*** Data block Section Begins ***

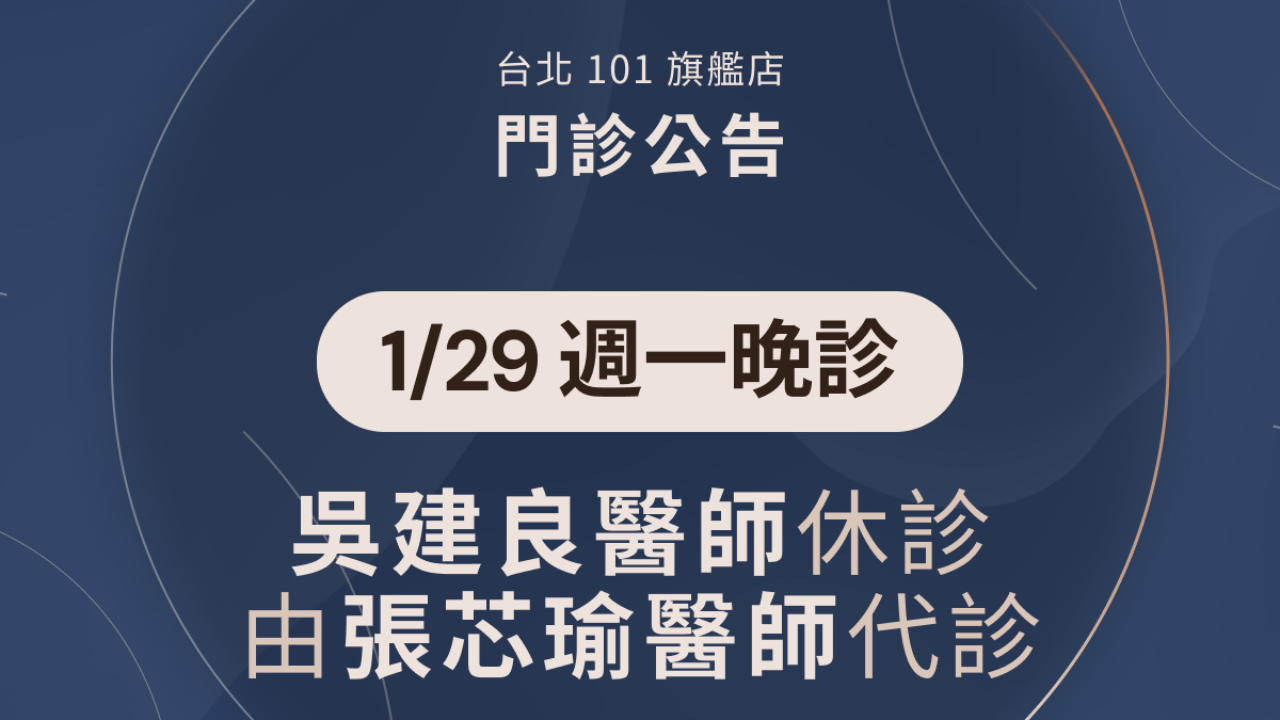 Read more 台北 101 旗艦中心【門診異動】 2024 年 1 月 24 日 / 0 1/29 (一) 晚診將由張芯瑜醫師代診 如有造成不便,還請多加包涵 有任何問題,歡迎再與遠見眼科聯...
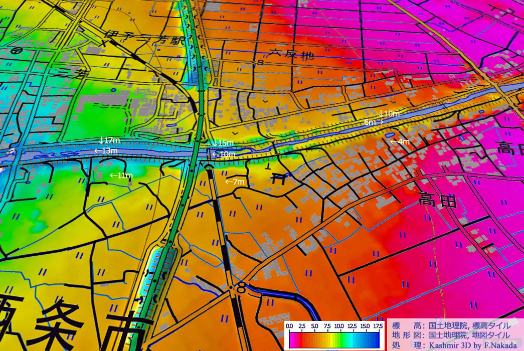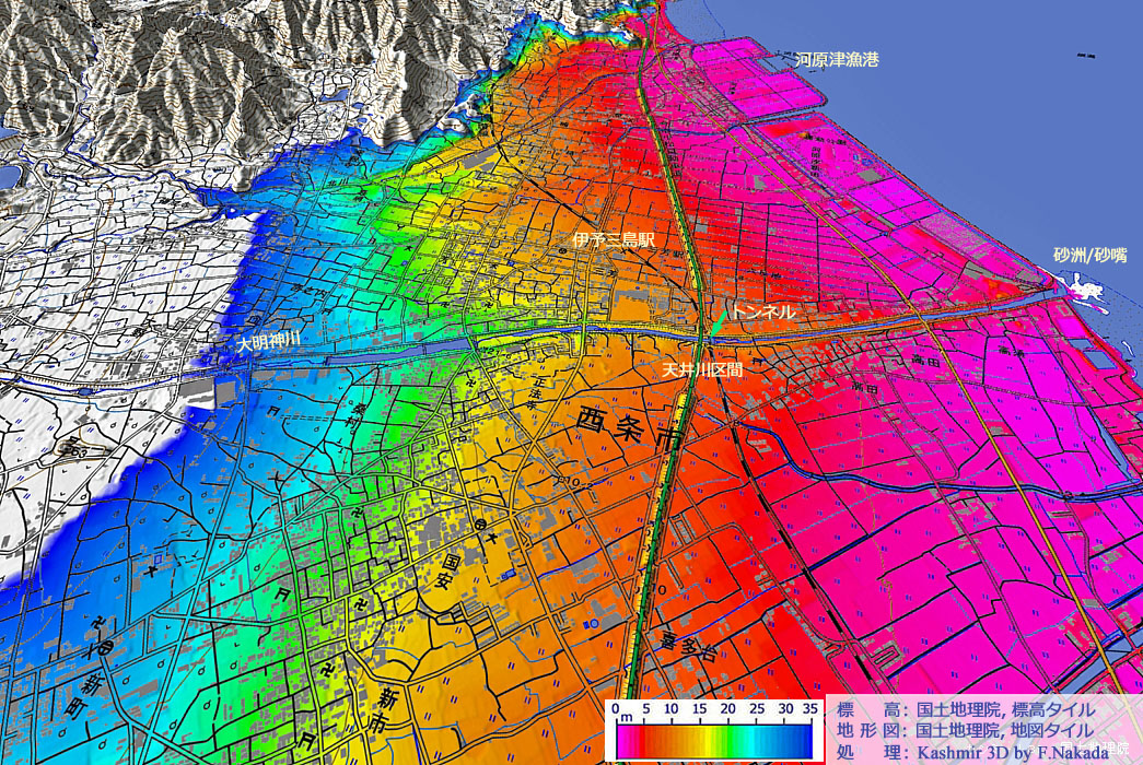 | 標高段彩図の三次元イメージ : 大明神川の天井川区間とJR予讃本線のトンネル |
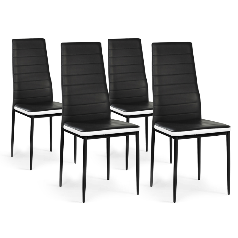 Elégantes et épurées, ces 4 chaises ROMANE confortables apporteront une touche de modernité dans votre salle à manger.Idéal pour votre salon ou votre cuisine, ce lot de 4 chaises noires avec leur assise matelassée entourée d'un bandeau blanc au design contemporain se mariera parfaitement dans votre intérieur.Elles garantissent une assise confortable grâce à leur rembourrage et leur haut dossier. Passez d'agréables moments à table avec votre famille et vos amis.Si vous êtes à la recherche de chaises design pas chères noires bandeau blanc, nous vous proposons un lot à un prix imbattable. Aménagez votre séjour avec ces chaises tendance et design.Vous pouvez également découvrir les chaises ROMANE entièrement noires X6 si vous êtes un amateur de cette couleur.Revêtement en PVC pour un nettoyage facile et pieds étal peint noir.Dimensions des chaises ROMANE noiresDimensions globales : Longueur 42 cm x largeur 48 cm x Hauteur 97 cmRevêtement assise PVCPieds métal peints en noirVendues en lot de 4 chaises À monter soi-même
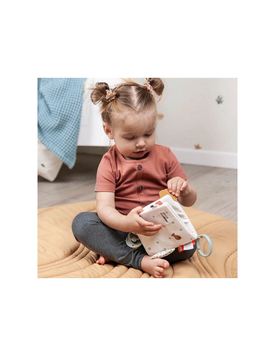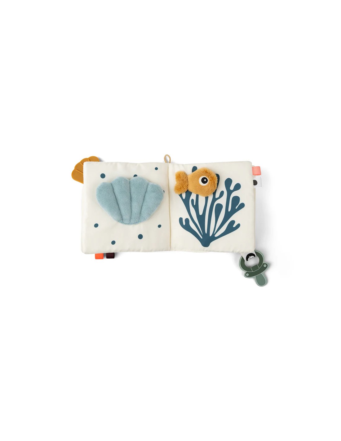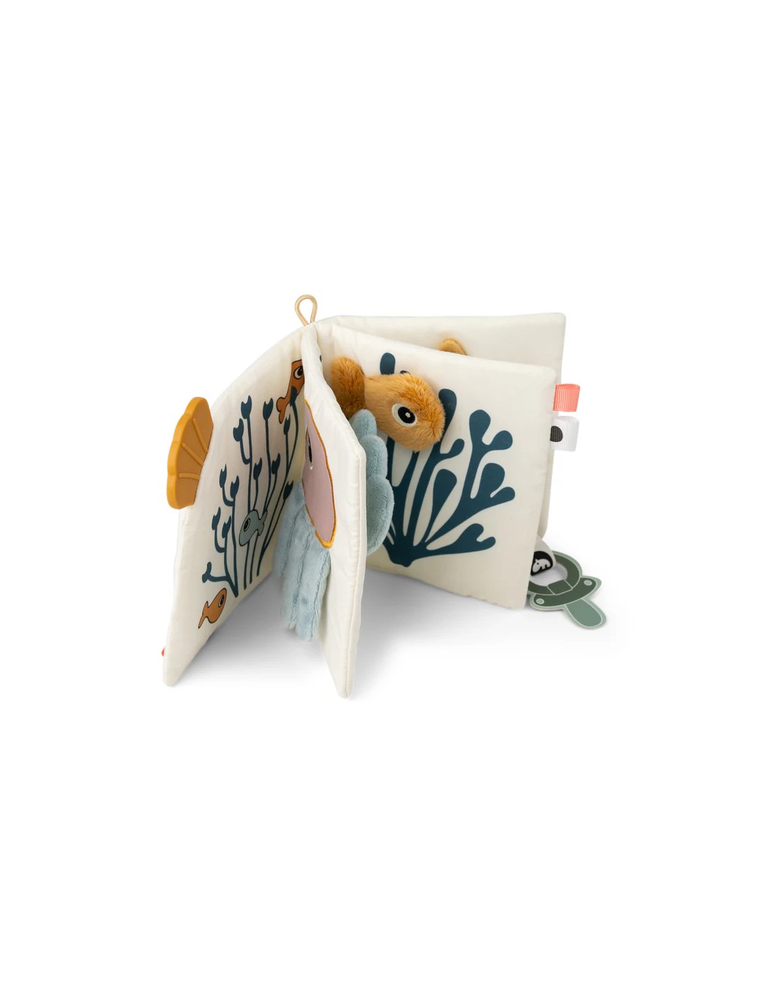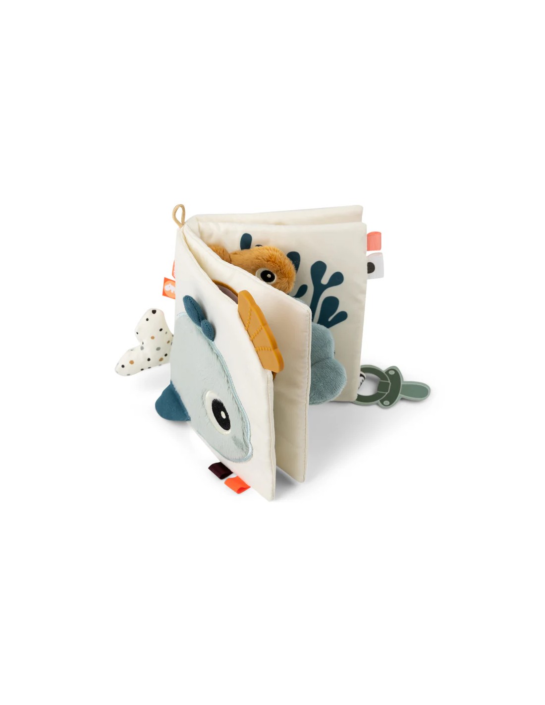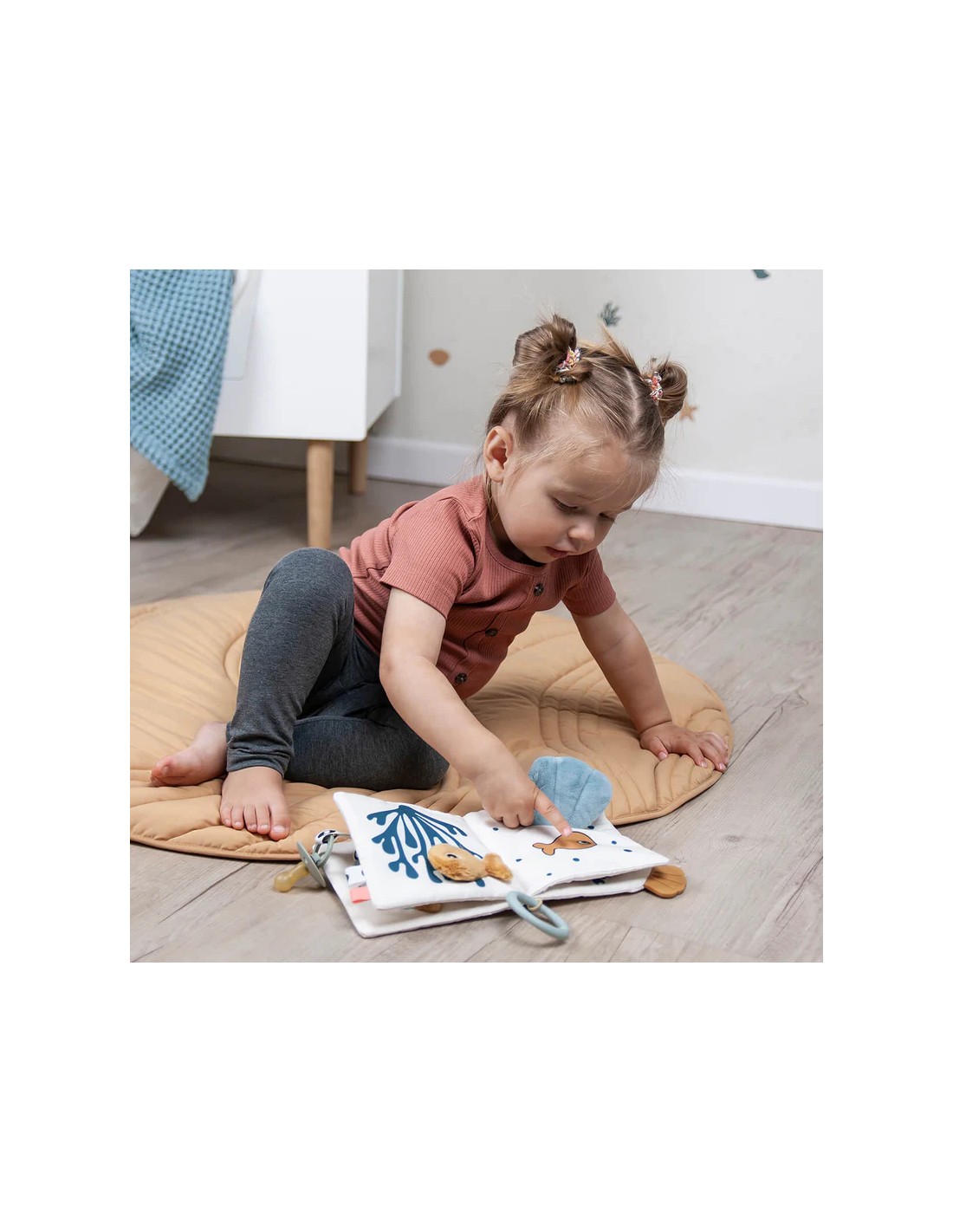 Le lien permet d'attacher le jouet à un tapis d'éveil pour l'heure du ventre ou à un siège auto pour les déplacements. Le livre d'activités souple est de couleur beige clair et présente un mélange ludique de créatures marines et d'éléments inspirés de l'océan de couleur Bleu, Moutarde/Rose.

*** Data block Section Ends ***

▸ Task brief: Give back the material word for word and drop the pictures it holds.

▸ Result below:
 Read more 台北 101 旗艦中心【門診異動】 2024 年 1 月 24 日 / 0 1/29 (一) 晚診將由張芯瑜醫師代診 如有造成不便,還請多加包涵 有任何問題,歡迎再與遠見眼科聯...
 | 標高段彩図の三次元イメージ : 大明神川の天井川区間とJR予讃本線のトンネル |
 Elégantes et épurées, ces 4 chaises ROMANE confortables apporteront une touche de modernité dans votre salle à manger.Idéal pour votre salon ou votre cuisine, ce lot de 4 chaises noires avec leur assise matelassée entourée d'un bandeau blanc au design contemporain se mariera parfaitement dans votre intérieur.Elles garantissent une assise confortable grâce à leur rembourrage et leur haut dossier. Passez d'agréables moments à table avec votre famille et vos amis.Si vous êtes à la recherche de chaises design pas chères noires bandeau blanc, nous vous proposons un lot à un prix imbattable. Aménagez votre séjour avec ces chaises tendance et design.Vous pouvez également découvrir les chaises ROMANE entièrement noires X6 si vous êtes un amateur de cette couleur.Revêtement en PVC pour un nettoyage facile et pieds étal peint noir.Dimensions des chaises ROMANE noiresDimensions globales : Longueur 42 cm x largeur 48 cm x Hauteur 97 cmRevêtement assise PVCPieds métal peints en noirVendues en lot de 4 chaises À monter soi-même
 Le lien permet d'attacher le jouet à un tapis d'éveil pour l'heure du ventre ou à un siège auto pour les déplacements. Le livre d'activités souple est de couleur beige clair et présente un mélange ludique de créatures marines et d'éléments inspirés de l'océan de couleur Bleu, Moutarde/Rose.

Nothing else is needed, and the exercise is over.